In April 2007, the CICA approved amendments to Handbook Section 1400, General Standards of Financial Statement Presentation. These amendments require management to assess an entity’s ability to continue as a going concern. When management is aware of material uncertainties related to events or conditions that may cast doubt on an entity’s ability to continue as a gong concern, those uncertainties must be disclosed. In assessing the appropriateness of the going concern assumption, the standard requires management to consider all available information about the future, which is at least, but not limited to, twelve months from the balance sheet date. The standard was adopted by the Company effective February 1, 2008.

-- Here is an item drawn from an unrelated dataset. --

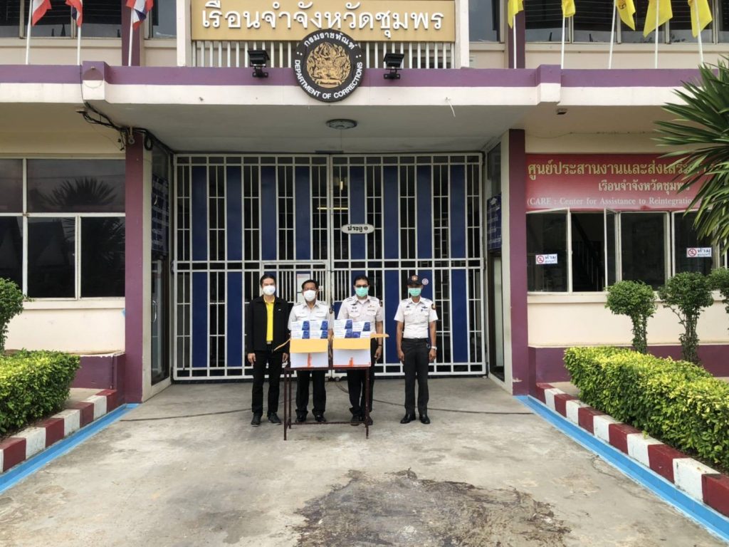 1.มอบหน้ากากอนามัย จำนวน 15,000 ชิ้น เเละเจลแอลกอฮอล์ จำนวน 200 ลิตร ให้กับ เรือนจำ จังหวัดชุมพร โดยมี นายมนู ท้วมทอง ผบ.เรือนจำ และนายนัฐพล บุญสิทธิ์ หัวหน้าฝ่ายฝึกวิชาชืพ ร่วมรับมอบ

c) Future Accounting and Reporting Changes

International Financial Reporting Standards (“IFRS”)

In 2006, the Canadian Accounting Standards Board (“AcSB”) published a new strategic plan that will significantly affect financial reporting requirements for Canadian companies. The AcSB strategic plan outlines the convergence of Canadian GAAP with IRFS over an expected five year transitional period.  In February 2008 the AcSB announced that 2011 is the changeover date for the publicly-listed companies to use IFRS, replacing Canada’s own GAAP.  The date is for interim and annual financial statements relating to fiscal years beginning on or after January 1, 2011.  The transition date of January 1, 2011 will require the restatement for comparative purposes of amounts reported by the Company for the year ended December 31, 2010.  While the Company has begun assessing the adoption of IFRS for 2011, the financial reporting impact of the transition to IFRS cannot be reasonably estimated at this time.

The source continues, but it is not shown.